Connecting with my old routes with today’s Step up HIIT workout! Am I the only one that did step aerobics? I actually started my fitness journey with running and doing The Firm workouts in my living room! I remember memorizing the choreography and how long it took me to be able to do the entire DVD without stopping!

This step up hiit workout

Well whether you did step or not, this step up workout is sure to deliver on the leg shaking and booty lifting! No doubt you will feel this working throughout the workout – at least I know I did! You get to challenge yourself by squatting down low during the side squat lifts and getting low into the front leg in the knee ups! If you are new to exercise, then take the intensity out of this workout by not going to fast and not getting so low into the legs!

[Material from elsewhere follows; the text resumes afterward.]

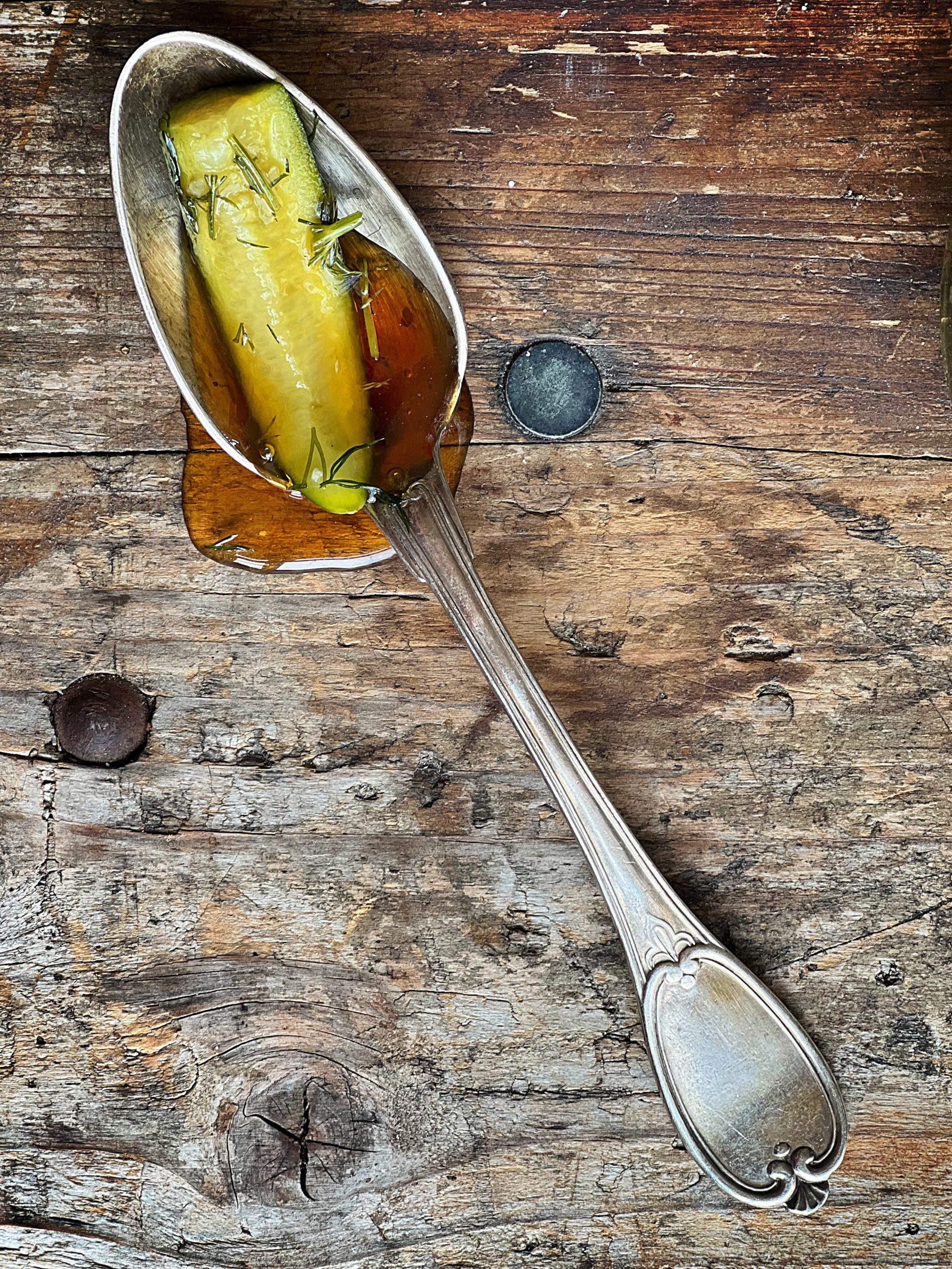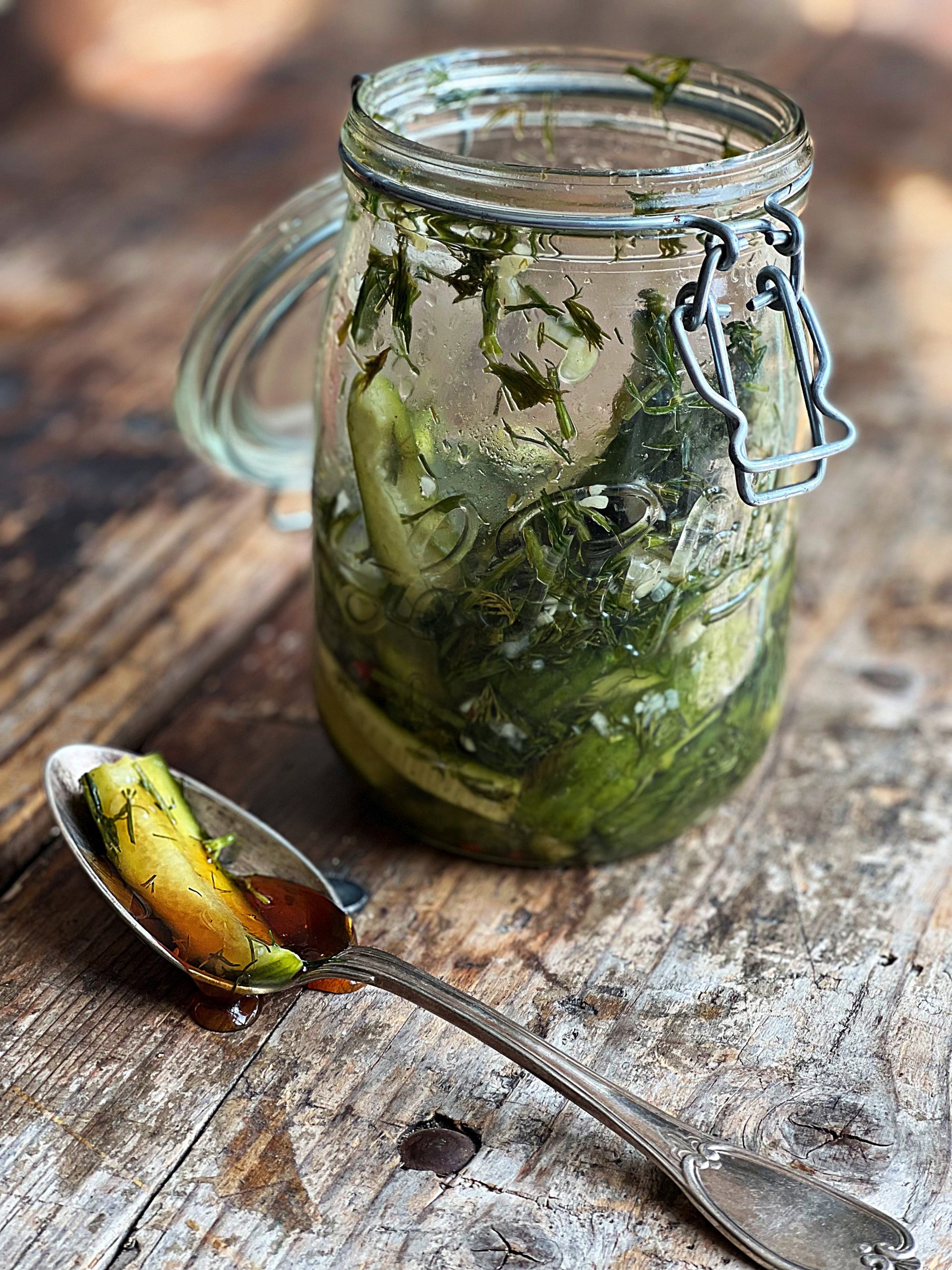 It was originally reported that a Ukrainian grandma downed a Russian drone by throwing a jar of cucumber pickles. Subsequently it was revealed that it was, in fact, a jar of pickled tomatoes. Pickles are very Ukrainian and it seems a particularly good weapon with which to combat an invader. I've stuck to cucumbers as they are easier to find than green tomatoes. These are quickly made and a wonderfully tonic side dish for any meal or even in soup. I've also read that Ukrainians dip the cucumbers in honey and eat them like that!If you have access to oak leaves or blackcurrant leaves, add them as it will add crunchiness.

If you aren’t familiar with the concept of HIIT workouts – they are high intensity interval workouts where you work as hard as you can during the “work” phase, which is followed by a quick rest. This step up workout is 6 exercises that are performed for 20 seconds each, followed by 10 seconds of rest. This workout will take you 15 minutes if you don’t stop through the workout! Because you are working at such high intenstiy, this style of workout has been shown to blast fat and give you great cardio respiratory training! Did I mention your legs will be shaking? Yes please expect that too!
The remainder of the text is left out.